RECORDED INFORMATION:
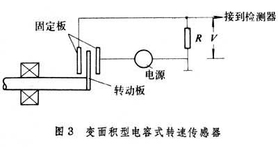 电容式传感器,有面积变化型和介质变化型两种。图3中是面积变化型的原理,图中电容式转速传感器由两块固定金属板和与转动轴相连的可动金属板构成。可动金属板处于电容量最大的位置,当转动轴旋转180°时则处于电容量最小的位置。电容量的周期变化速率即为转速。可通过直流激励、交流激励和用可变电容构成振荡器的振荡槽路等方式得到转速的测量信号。介质变化型是在电容器的两个固定电极板之间嵌入一块高介电常数的可动板而构成的。可动介质板与转动轴相连,随着转动轴的旋转,电容器板间的介电常数发生周期性变化而引起电容量的周期性变化,其速率等于转动轴的转速。
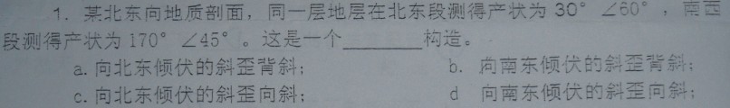 答案b,倾角不相等,造成斜歪,北东段倾角小于90,南西段倾角大于90,形成背斜,如果两个段换一下位置,就变成向斜了。然后你要知道褶皱倾伏的概念,简单点说就是就是枢纽在水平面上的投影所指的方向,知道了这些,大致比划一下两个产状交线(枢纽)的方向,应该是南东或北西方向。所以答案是b。
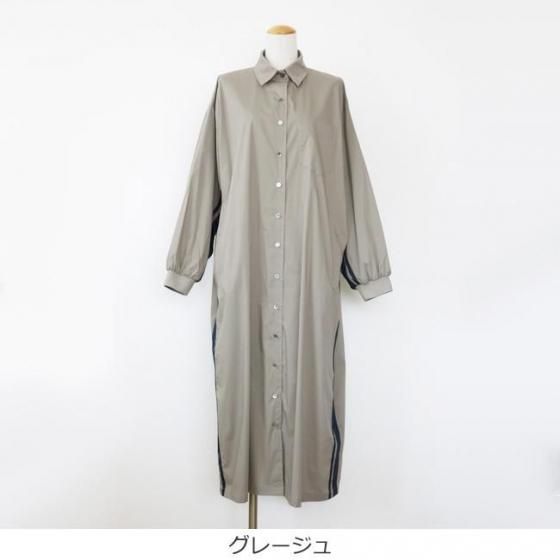 仄かな光沢と適度なハリのあるブロード生地を使用したシャツワンピース。
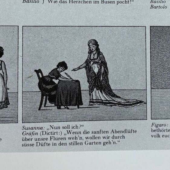- “It is striking that there were no uniform ostumes, and that the sets for The Marriage of Figaro were also used in other works. For example, Brioschi’s set design for Act II, the Countess’s boudoir, at the Vienna Court Opera, was also used in Le Postillon de Lonjumeau by Adolphe Adam, while his “French garden,” first seen at the Vienna Court Opera in 1866, also appeared in Lucia Lammermoor by Gaetano Donizetti.” Mozart’s Operas, page 140-141. ↩︎

YOUR TASK:
Your task is to copy word for word the lines from the line containing "仄かな光沢と適度なハリのあるブロード生地を使用したシャツワンピース。" to the end of the listing, both included, and to drop any pictures.

OUTPUT:
 仄かな光沢と適度なハリのあるブロード生地を使用したシャツワンピース。
- “It is striking that there were no uniform ostumes, and that the sets for The Marriage of Figaro were also used in other works. For example, Brioschi’s set design for Act II, the Countess’s boudoir, at the Vienna Court Opera, was also used in Le Postillon de Lonjumeau by Adolphe Adam, while his “French garden,” first seen at the Vienna Court Opera in 1866, also appeared in Lucia Lammermoor by Gaetano Donizetti.” Mozart’s Operas, page 140-141. ↩︎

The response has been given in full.